PROBLEM TO WORK ON => Shown below are entries with pictures; the line with "イワン・ワグナー宇宙飛行士が" through the line with "CKS Aslanboğa İnşaat açık" is the span to retype exactly, and the pictures stay out.

EXTRACTED MATERIAL =>

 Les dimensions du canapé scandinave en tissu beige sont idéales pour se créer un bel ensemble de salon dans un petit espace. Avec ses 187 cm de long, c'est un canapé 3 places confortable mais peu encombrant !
* * *
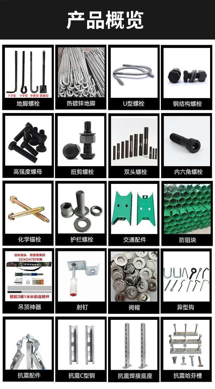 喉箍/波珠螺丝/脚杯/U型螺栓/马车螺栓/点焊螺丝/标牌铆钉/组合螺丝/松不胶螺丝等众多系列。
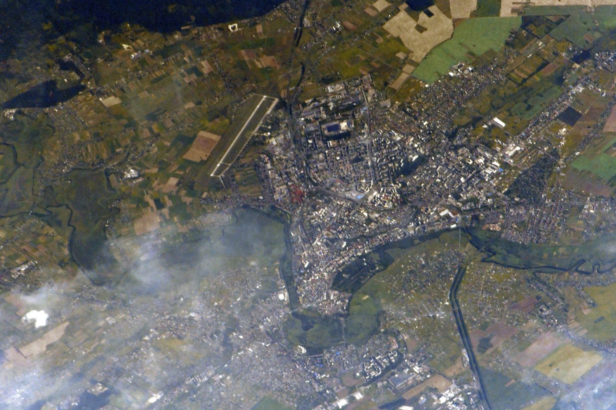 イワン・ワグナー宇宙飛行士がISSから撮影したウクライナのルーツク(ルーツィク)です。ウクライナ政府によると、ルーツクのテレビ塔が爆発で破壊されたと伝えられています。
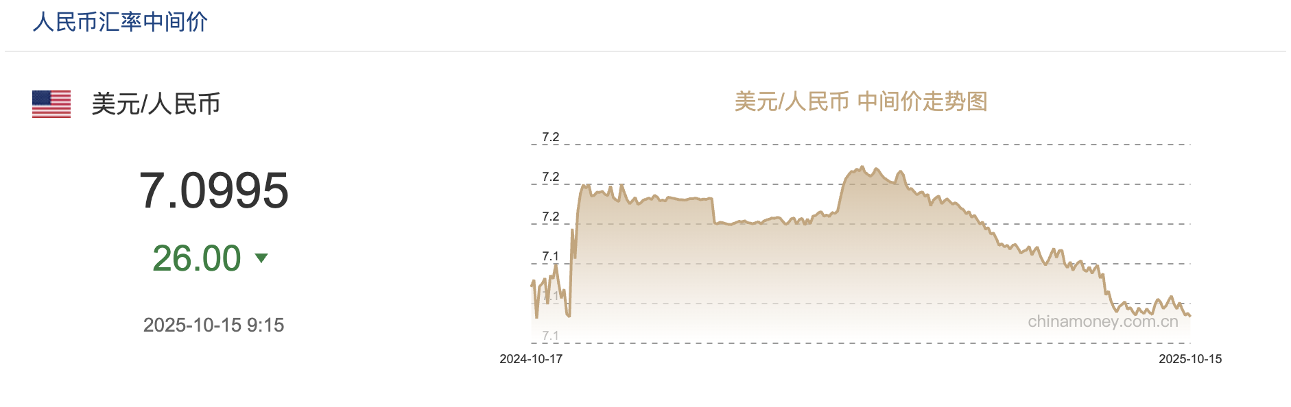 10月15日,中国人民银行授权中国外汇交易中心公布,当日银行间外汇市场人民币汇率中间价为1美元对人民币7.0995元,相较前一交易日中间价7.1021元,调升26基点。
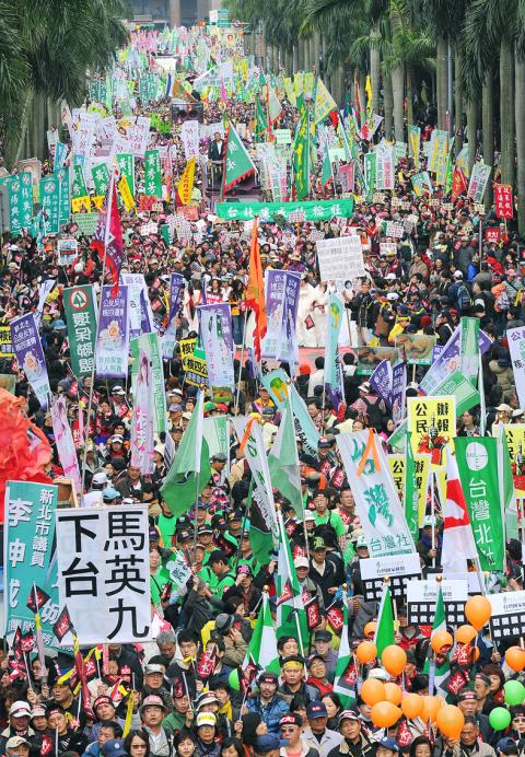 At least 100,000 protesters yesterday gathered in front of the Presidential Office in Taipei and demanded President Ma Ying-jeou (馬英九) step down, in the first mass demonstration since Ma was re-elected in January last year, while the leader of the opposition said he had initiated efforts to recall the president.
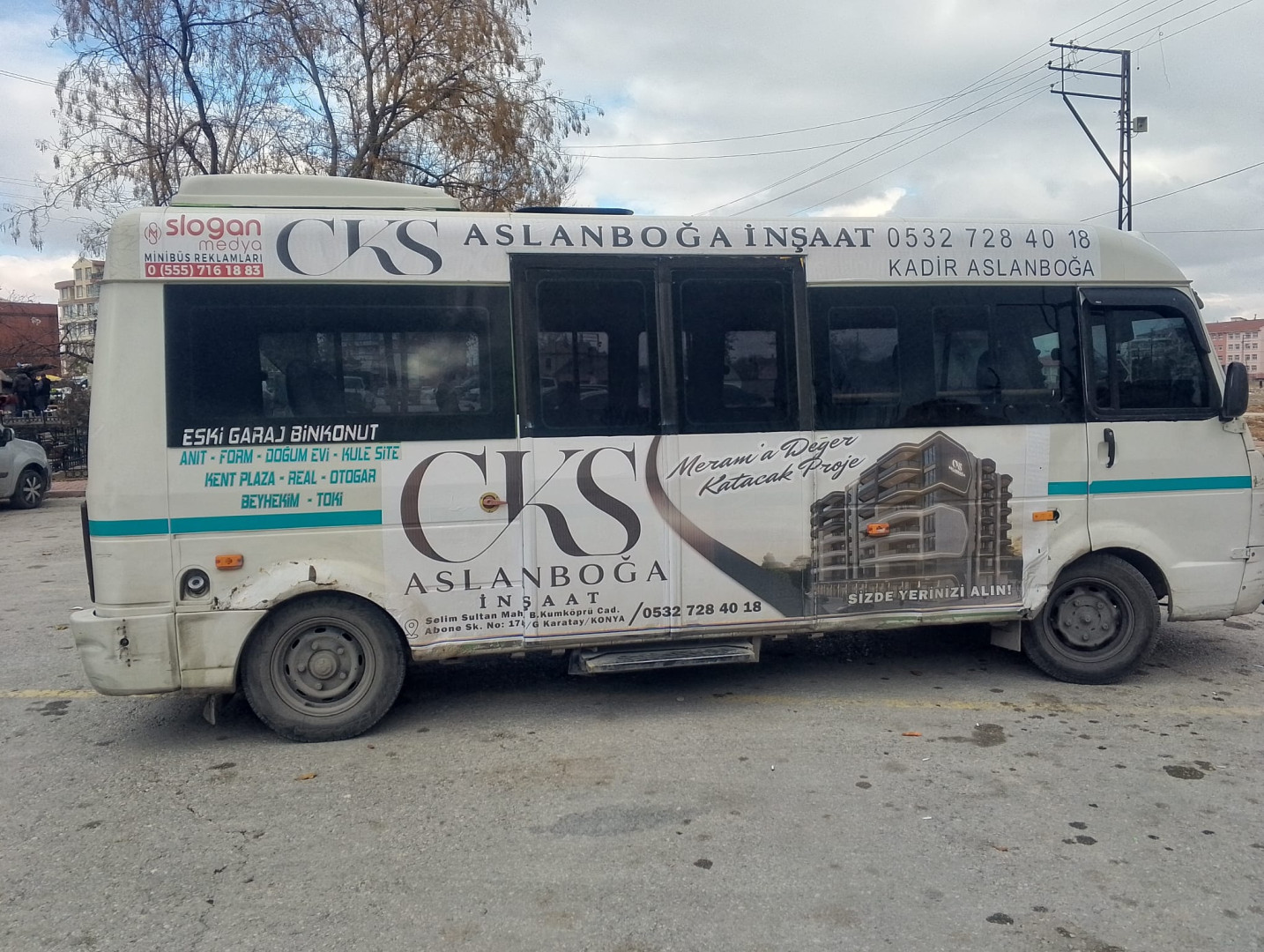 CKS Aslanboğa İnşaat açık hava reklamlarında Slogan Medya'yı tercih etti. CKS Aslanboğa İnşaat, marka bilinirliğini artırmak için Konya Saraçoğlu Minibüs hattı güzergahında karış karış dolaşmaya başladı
* * *
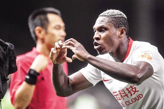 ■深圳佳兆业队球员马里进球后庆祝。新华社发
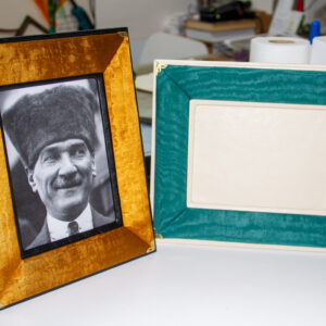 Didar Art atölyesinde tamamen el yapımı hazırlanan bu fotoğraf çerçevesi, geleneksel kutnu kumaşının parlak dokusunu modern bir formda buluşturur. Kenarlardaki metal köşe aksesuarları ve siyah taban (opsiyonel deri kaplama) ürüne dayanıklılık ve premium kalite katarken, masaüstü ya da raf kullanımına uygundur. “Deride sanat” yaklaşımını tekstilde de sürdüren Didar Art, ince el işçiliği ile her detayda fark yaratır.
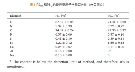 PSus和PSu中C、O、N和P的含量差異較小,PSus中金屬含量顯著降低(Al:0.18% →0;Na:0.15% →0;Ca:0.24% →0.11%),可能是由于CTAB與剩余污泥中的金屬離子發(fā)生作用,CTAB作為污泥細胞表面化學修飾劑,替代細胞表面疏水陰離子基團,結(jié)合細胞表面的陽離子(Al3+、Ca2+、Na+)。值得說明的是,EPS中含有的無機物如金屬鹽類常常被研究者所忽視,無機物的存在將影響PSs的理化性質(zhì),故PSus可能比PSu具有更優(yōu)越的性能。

ANSWER TO THE EXERCISE =>
 イワン・ワグナー宇宙飛行士がISSから撮影したウクライナのルーツク(ルーツィク)です。ウクライナ政府によると、ルーツクのテレビ塔が爆発で破壊されたと伝えられています。
 10月15日,中国人民银行授权中国外汇交易中心公布,当日银行间外汇市场人民币汇率中间价为1美元对人民币7.0995元,相较前一交易日中间价7.1021元,调升26基点。
 At least 100,000 protesters yesterday gathered in front of the Presidential Office in Taipei and demanded President Ma Ying-jeou (馬英九) step down, in the first mass demonstration since Ma was re-elected in January last year, while the leader of the opposition said he had initiated efforts to recall the president.
 CKS Aslanboğa İnşaat açık hava reklamlarında Slogan Medya'yı tercih etti. CKS Aslanboğa İnşaat, marka bilinirliğini artırmak için Konya Saraçoğlu Minibüs hattı güzergahında karış karış dolaşmaya başladı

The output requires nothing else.